The great apes are the first to be vaccinated against COVID-19 following a breakout among the gorilla population earlier this year




One of the orangutans vaccinated was also the first to undergo open-heart surgery in 1994   Credit: San Diego Zoo

San Diego Zoo has given 13 of its great apes an experimental Covid-19 vaccine following an outbreak in a troop of gorillas at the animal attraction in January.

The group of five bonobos and four orangutans - one of which was the first orangutan to undergo open-heart surgery in 1994 - were the first great apes at a US zoo to be given protection against COVID, with the animals inoculated in January and February. Further vaccines were given to one bonobo and three gorillas earlier this month.

The move follows a covid breakout at the zoo at the start of this year, with eight members of the zoo’s gorillas testing positive for Covid-19.

Following the confirmed cases, the zoo made an emergency request for the experimental vaccine, which was created for use in animals and was developed by a company called Zoetis. Now fully-recovered, the troop was thought to have caught the disease from an asymptomatic keeper.

“The gorilla troop at the San Diego Zoo Safari Park is doing well and have fully recovered after contracting SARS-CoV-2, the virus that causes COVID-19,” a San Diego Zoo spokesperson told Planet Attractions.

“Our friends at Zoetis, a veterinary pharmaceutical company, provided our veterinarians with a limited supply of recombinant purified spike protein vaccine, intended for use in protecting animals against SARS-CoV-2. The vaccine doses originated from a supply strictly intended for nonhuman use. We reviewed enough doses to vaccinate 13 animals.

“San Diego Zoo Wildlife Alliance veterinarians identified some of the great apes at the San Diego Zoo that are most at risk and can be easily vaccinated, to receive the vaccines - this includes members of the bonobo, orangutan and gorilla troops. The gorilla troop at the Safari Park did not receive the vaccine as they were exposed to the SARS-CoV-2 virus, and we assume their own immune systems have developed antibodies to the virus.
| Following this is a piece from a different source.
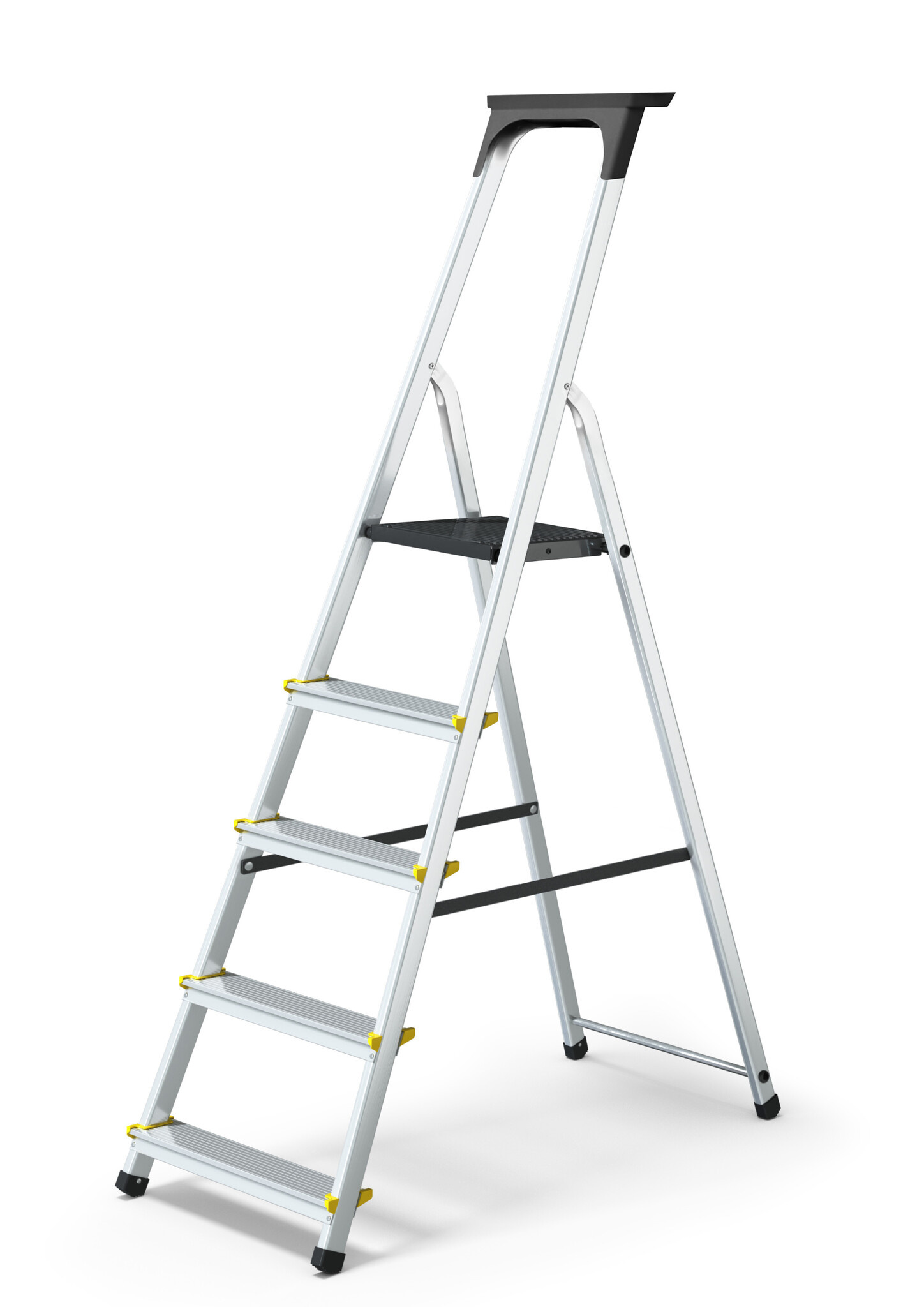 Wer kennt sie nicht, die einfache Trittleiter für den Haushalt? Die bekannte Einstiegsleiter, die in jedem Haushalt zu finden ist. Die oberste Stufe, auch Podest genannt, ist extra groß, so dass der gesamte Fuß auf das Podest passt. Dies bietet mehr Stehkomfort. Oben an der Halterung befindet sich eine kleine Werkzeugablage für kleine Werkzeuge. Praktisch, um nicht ständig auf- und abzusteigen, um Materialien zu greifen und/oder zu wechseln.
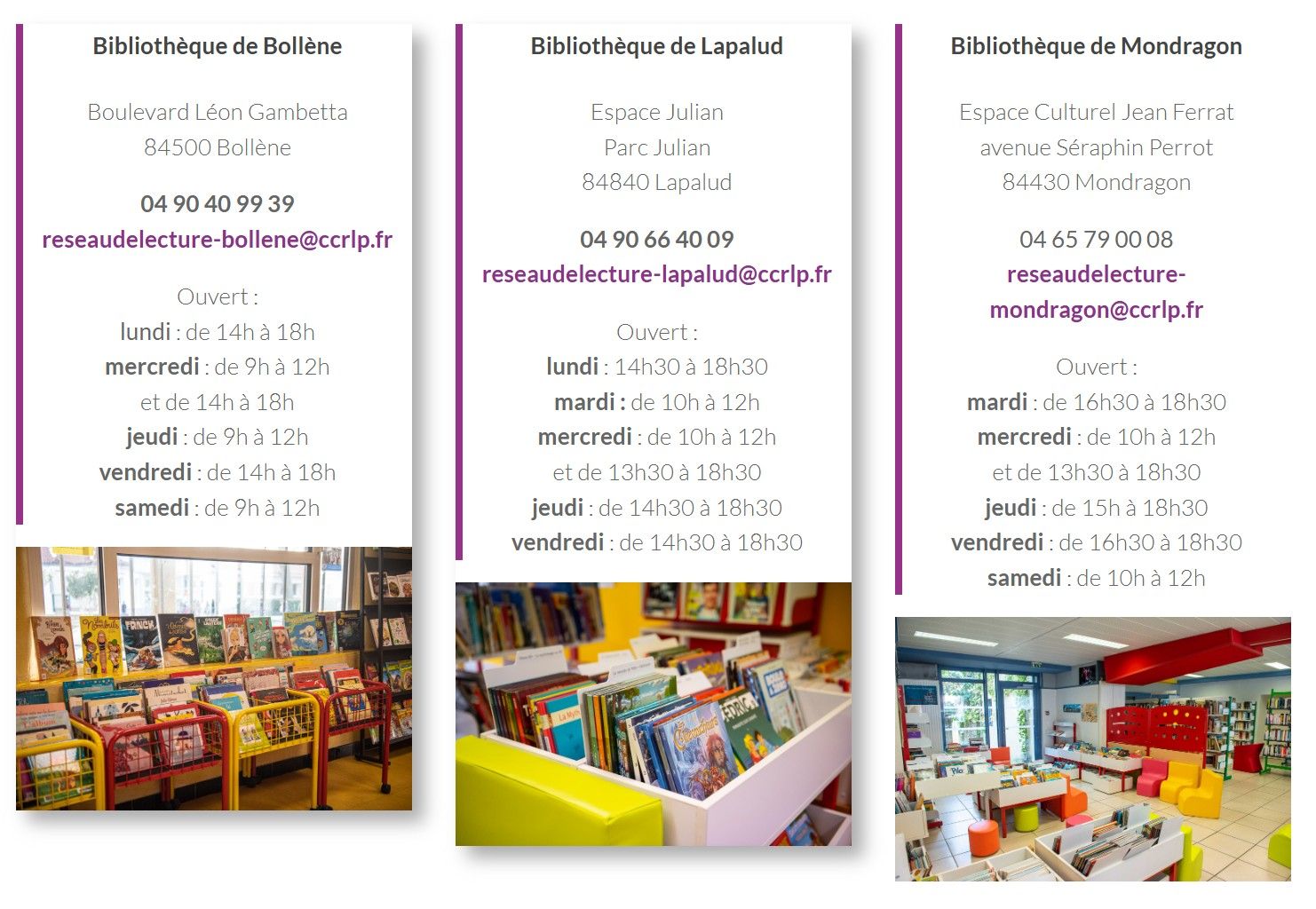- une seule carte pour accéder aux 3 bibliothèques et à l’ensemble de leurs collections (romans, documentaires, presse et revues, livres audio, jeux de société, ressources numériques…)

“The vaccine was administered to four of the orangutans and five of the bonobos starting in January, continuing through February, with the last few given to one bonobo and three gorillas this month. Each animal receives two doses - the second dose about three weeks after the first is administered. These animals are doing well and we have seen no adverse reactions from the vaccine. The wildlife in our care is closely monitored throughout their lives and receive periodic exams by our veterinary team.”

Further zoos have reportedly requested further doses of the Zoetis vaccine, with the pharmaceutical company expecting to have more quantities available by June. Globally, infections have also been confirmed in tigers, lions, mink, snow leopards, cougars, ferrets, dogs, and domestic cats.